カーティス家の紋章が刻まれた、真新しい短剣。
毎朝、短剣を微笑みながら暫く見つめた後、満足げに腰に差すエルの姿を何度も見てきた。
新たに長剣と弓も貰ってはいたが、エルにとって、あの夕食での出来事は特別だったのだろう。
左手中指に嵌められた黒の指輪と同じく、この短剣も、間違いなくエルの宝物といってもいい品だ。
それが今では、見事にクリームでべたべたである。
「ふ、ふえーーーーーん……」
両手で顔を覆いながら喚く、エルの悲痛な声が木霊した。
――暫くして。
「ひっく、……うぐ、ひっく……」
現在。
体を丸め、床に顔を伏せながら、エルはすすり泣いている。
「すまない。良かれと思ってやったんだが、逆に泣かせてしまった」
「うぐっ、……ひっく」
私はエルに寄り添い、背中を擦り続けていた。
それから少しした後、エルは小さく顔を上げるが、目の前に転がるべたべたの短剣が視界に入り、再び「うわーーーんっ!!」と号泣し始める。
しまった。とりあえず短剣をどうにかせねば。
スーちゃぁぁぁぁんっ!!
私は窓辺で大人しくしているスーちゃんのもとへ短剣を持って走った。
「スーちゃん。この短剣のクリームだけ食べて、綺麗にしてくれるかい?短剣は溶かさないで欲しいんだが、……出来るだろうか?」
スーちゃんはぷるぷると震えた後、ゆっくりと短剣へと身体を摺り寄せる。
そして、形態が変わったかと思うと、短剣をスーちゃんの身体が包み込んだ。
……すごい。
短剣にスーちゃんの身体が薄らと張り付いて、ジェル状の膜が張られたズルリとした短剣の出来上がりである。
スーちゃんはもごもごと動いた後、短剣から離れ、元の楕円形へと戻っていった。
短剣もほら、ピカピカである。
素晴らしい。

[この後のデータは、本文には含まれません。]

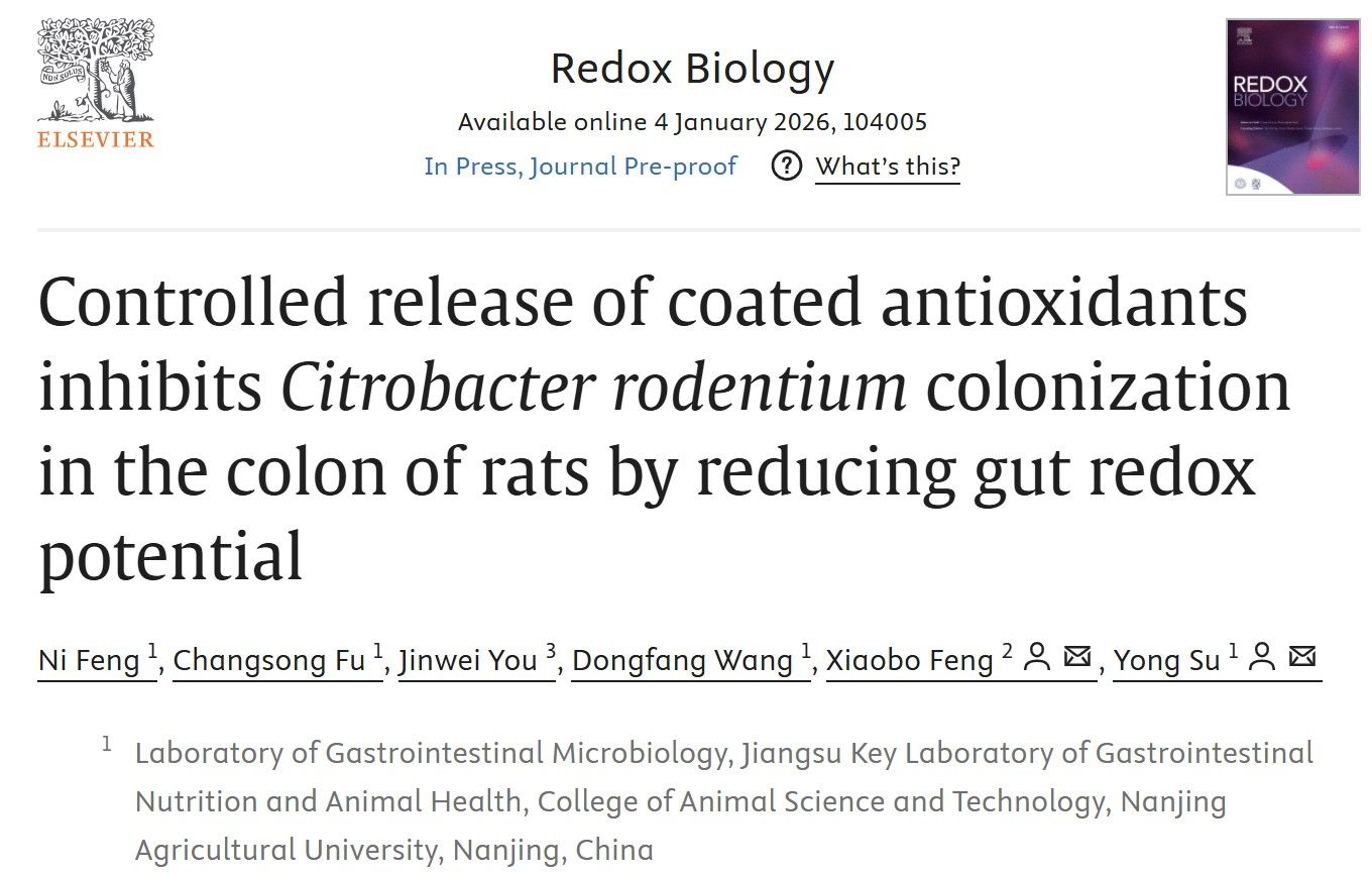 1月4日,我院消化道微生物团队苏勇教授联合东部战区总医院冯啸波主任在国际期刊《Redox biology》发表了题为“Controlled release of coated antioxidants inhibits Citrobacter rodentium colonization in the colon of rats by reducing gut redox potential”的研究论文。该研究表明,采用包被缓释策略可使抗氧化剂精准调控大鼠结肠内氧化还原电位,并进一步重塑肠道菌群抑制柠檬酸杆菌(Citrobacter rodentium)在结肠中定植。
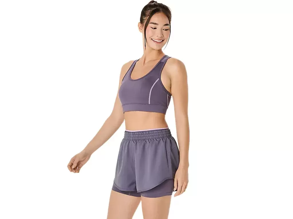 O sutiã possui costuras planas na frente e acabamento em V nas costas que ajudam a reduzir o atrito, enquanto o design nadador nas costas ajuda a melhorar a mobilidade para que você tenha menos distrações e se sinta confortável.
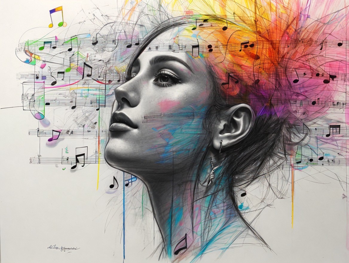 A whimsical portrait of a woman with vibrant, colorful hair blending into musical notes, illustrating a fusion of art and music. The detailed sketch captures emotion and creativity beautifully.
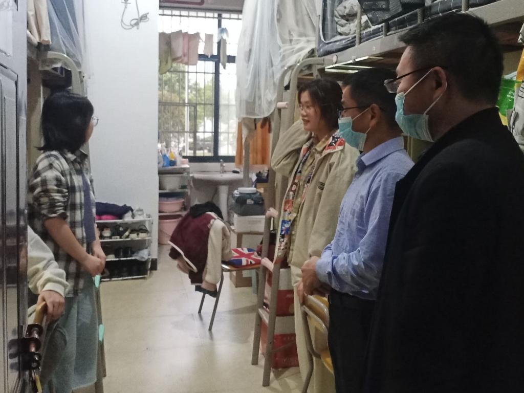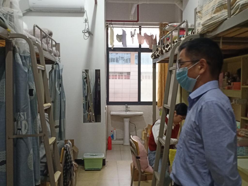 刘书记先是敲门礼貌询问同学们是否可以进入,在得到学生许可后才走进寝室。当同学们看到刘书记到来都纷纷站起并热烈地表示对书记的欢迎。随之书记就防疫工作展开话题,提醒大家要多多注意防疫,尽量不要外出,要注意通风,勤洗手。若外出一定要带好口罩,进校时配合检查,不要去人群聚集处。对于防疫工作,需要大家共同合作。同时书记还关注学生身体状况,叮嘱同学们要注意穿衣,以免早晚温差过大导致着凉发烧,身体是革命的本钱,希望大家保重身体。最后,老师安慰在场学子们不要被疫情所吓倒,要配合防疫工作的开展。希望大家共同努力,遵循学校的防疫工作,携手外院一起打赢这场防疫战。

スーちゃん、有能過ぎて素晴らしい。
「ありがとう」
スーちゃんを抱きしめ、頬擦りをしながらエルのもとに戻った。
「ごめんね、エル。短剣、スーちゃんが綺麗にしてくれたよ?」
「ひっぐ。うっ、ひっぐ」
そろりと、こちらを見遣るエル。
クリームと涙と鼻水で、ぐしゃぐしゃである。
「ほら、そろそろ泣き止んでくれなか?……ふふ、せっかくの美人が台無しだよ」
私は苦笑しながら、袖でエルの顔を拭いてやった。
袖が汚れたが、後でスーちゃんに綺麗にしてもらうので問題ない。
「レ、レオ……」
「本当にすまなかった。ちょっとした悪戯のつもりが、あんなに驚くとは思わなくて……。顔にケーキを投げつけたのも、急ぎ火傷を冷やそうと思っただけなんだ。短剣は……、うん、唯の勘違い、かな」
あはは、と苦笑い。
「だから、ごめんね?」
「う、うぐ、……えぐ。……レ、レオぉぉぉぉぉぅぅぅ」
涙腺が再び崩壊し、幼児の胸でおいおい泣き出すエル。
よしよし。
「レオの馬鹿ぁぁぁぁっ!!ひっく、ひっく」
「ごめんごめん」
小さく溜息を吐きながら、私はしばらくの間、エルの頭を撫で続けた。
……というより、幼児に慰められるって、エルにプライドというものはないのだろうか?
君、100歳過ぎてるんだよね?
退行してないかい?
そんな疑問がふと脳裏を過ぎったが、まぁ、とりあえず今は置いておこう。
部屋を見回す。
……うん。片付け、大変だなぁ。
絨毯、新しくしたばかりだったんだが……。
遊びが過ぎた……いや、何でもない。
エルの頭を抱えながら、ちょっと反省した今日この頃である。
絨毯に落ちた紅茶とケーキは、スーちゃんが美味しく頂きました。